We know we have listeners outside our markets. We know we can not monetize
it. So we ignore that listener base, as it can neither be served due to
distance and existence of local stations nor can any revenue be generated
from it.
The numbers are are fact. Even a poll is "fact" as the user knows the
margin
of error and accepts the consequences.
No, the numbers are not are not fact! The numbers are a massaged
sample of polling data gathered in ways to support sales of your
services, nothing more.
Who says they are "massaged?" You? Radio stations which operate commercially
try to get themost accurate data on thier listeners and competiton possible.
They do not massage it.
Advertisers support over 11 thousand US stations. they demand a
quantification of thier investment, based on the cost per listener
reached.
Otherwise, there is no way to quantify the effectiveness of the
investment.
What they get is a skewed model pretending to represent all listeners.

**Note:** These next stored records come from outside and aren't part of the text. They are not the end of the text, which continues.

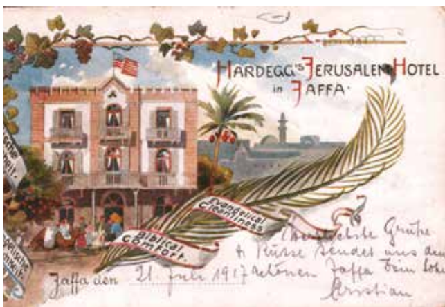
איור 2. מלון ירושלים בגלוייה שצייר ארנסט הרדג, בעל המלון, 1895.
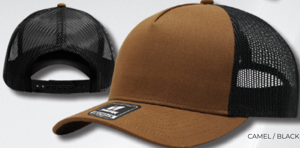
CAMEL / BLACK
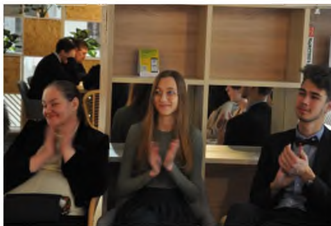
Рис. 10. Участники реализации проекта

Интересным и вполне закономерным результатом проведенных встреч является появление новых социальных контактов, начало дружеских отношений, в основе которых лежит общность интересов.
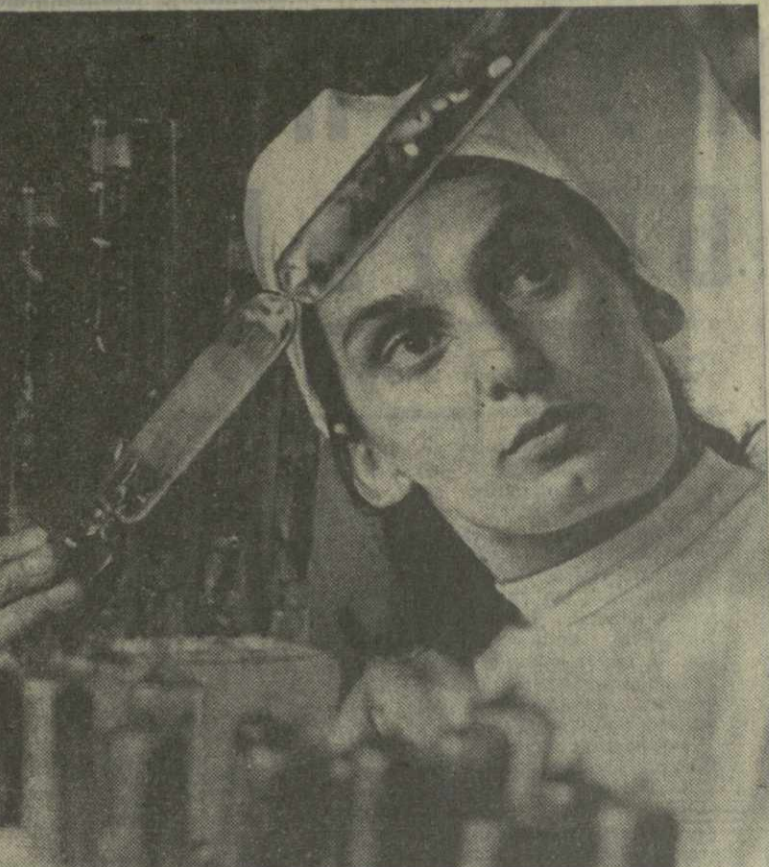
Высоко в горах расположились цехи Рачинского горно-металлургического комбината. Коллектив предприятия трудится самоотверженно и добивается высоких производственных показателей. Рабочие комбината обязались выпустить сверх годового плана продукции на десятки тысяч рублей.

В хозяйствах Сачхерского района в разгаре пахота под озимые. Успешно проводят ее колхозы сел Сарени, Саирхе, Аргвети. Земледельцы соревнуются за то, чтобы подготовить для сева две тысячи гектаров против плановых 1.800 гектаров.

They *could* get more accurate figures, but they don't want to pay for
them, so they hire someone like you, and you take advantage of them.
The syndicated ratings data is good enough to use for the sale of
advertising. For anything else, stations do internal research that is
proprietary. It is all that is necessary... and the costs have to be limited
to the dimensions of the total radio ad dollars available and which would
not expand if more or bigger research were done.